LOXL null mice demonstrate selective dentate structural changes but maintain dentate granule cell and CA1 pyramidal cell potentiation in the hippocampus

Lysyl oxidase-like protein (LOXL), part of the lysyl oxidase copper-dependent amine oxidase family, is expressed in the extracellular matrix and in the nucleus. It likely plays a role in cross-linking collagen and elastin, possibly modulating cellular functions. Immunohistochemical studies show the presence of LOXL in the pyramidal cell layer of the hippocampus; and in this study, we report that cells in the granule cell layer have significantly smaller somas in LOXL −/− compared to LOXL +/+ mice.

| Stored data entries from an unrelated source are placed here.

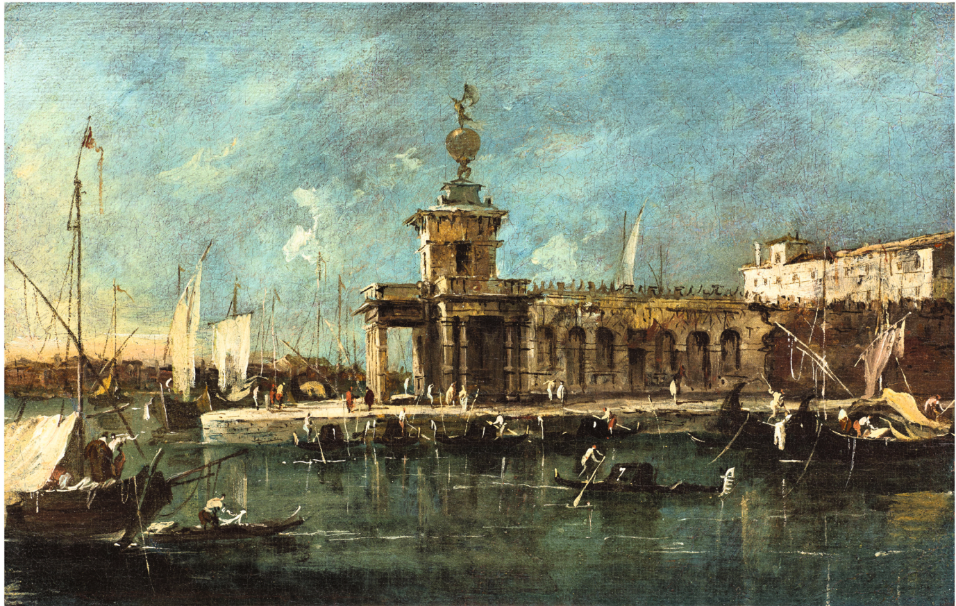
20. Francesco Guardi Vue de la Punta della Dogana, Venise, vers 1765 Huile sur toile 21 x 32 cm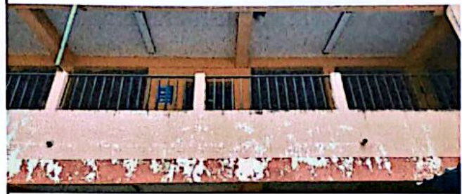
Mantenimiento de baranda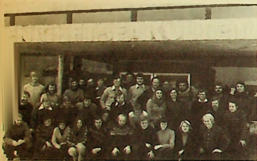
En del av Sørlandsstudentene samlet utenfor MF.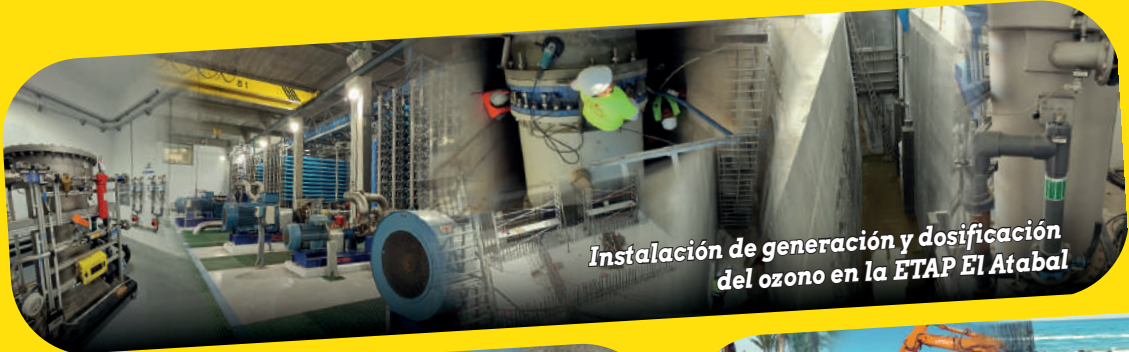
Instalación de generación y dosificación del ozono en la ETAP El Atabal

"Empresa con Obras Emblemáticas en Colombia y otros Países Latinoamericanos."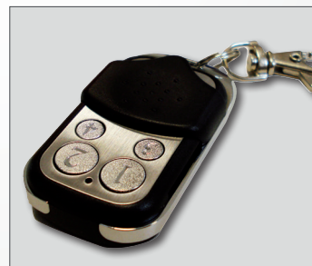
Radiocomando wireless di serie per la movimentazione a distanza.

Progettato specificatamente per le persone, il sollevatore Fiorella garantisce massima affidabilità e sicurezza , sia durante la fase di sollevamento che durante il trasporto. Il suo stile moderno e raffinato si integra alla perfezione con gli interni di Multivan.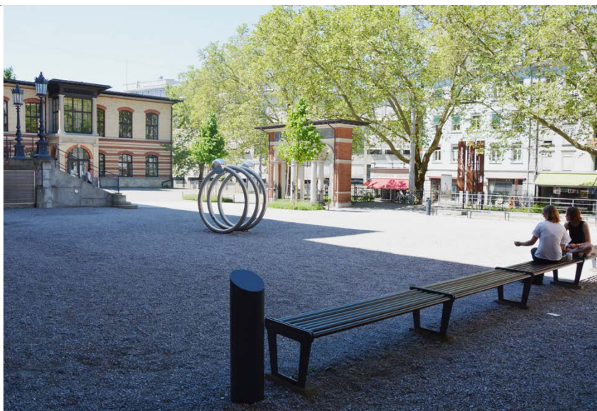
CAB Kiesplatz links

ETH Zürich Abteilung Campus Services Bewilligungen Binzmühlestrasse 130 8092 Zürich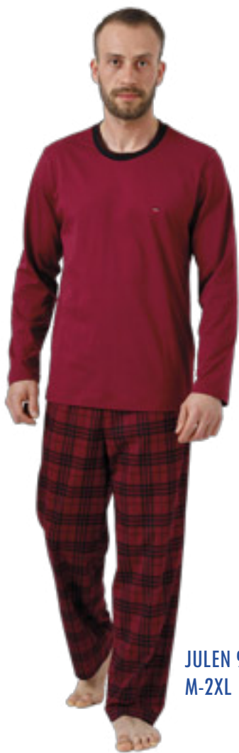
JULEN 992/2 M-2XL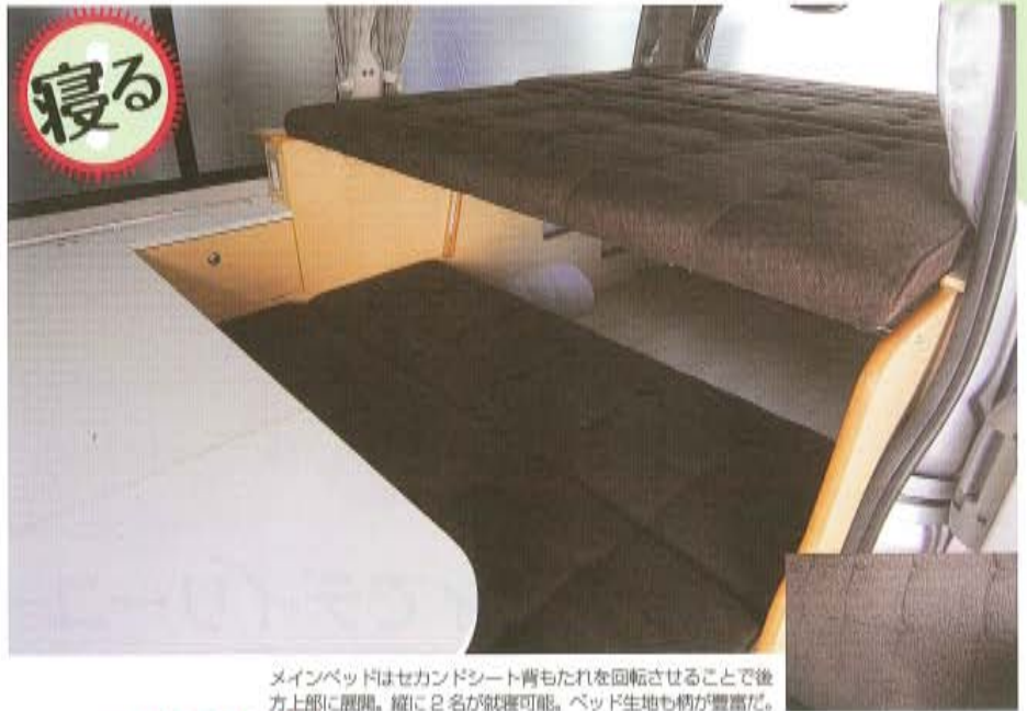
メインベッドはセカンドシート背もたれを回転させることで後方上部に展開。縦に2名が寝る可能。ベッド生地も柄が豊富な。

1セカンドシート右上には収納ボックスを装備。2これはオプション装備だが、ルーフ後部には蓋付きの収納ボックスも。3リヤにはLED照明が装備され、白色のほかにもこのようにブルーにも変化。4運転席後部はカーテンも装備。5ルーフの照明はLEDを採用。長方形のメイン照明のほかにも丸形のドア連動照明も。6バックドアには換気用電動ベンチレーターを装備。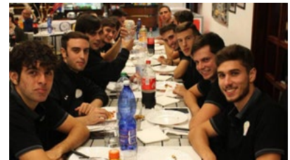
L'Eur Torrino a cena

In addition we tested the hypothesis that these structural alterations in the dentate granule layer were associated with synaptic efficacy and thus muted long-term potentiation in mice lacking the protein. Electrical recordings were obtained in 300-μm hippocampal slices in dentate and CA1 pyramidal cell layers in age-matched wild type and LOXL null mice. Potentiation in the CA1 cell layer of 10 LOXL −/− and 8 LOXL +/+ mice was 191.0 ± 9.3% and 181.6 ± 9.1%, respectively (mean ± S.E.M.). Dentate potentiation was 120.8 ± 7.0% and 121.0 ± 3.4% in 11 LOXL −/− and 11 LOXL +/+ mice, respectively. No phenotypic difference in potentiation of population spike amplitude (or in EPSP slope) in either layer was observed. Thus, contrary to expectation, structural changes in the hippocampus of LOXL −/− mice did not affect synaptic remodeling in a manner that impaired the establishment of LTP.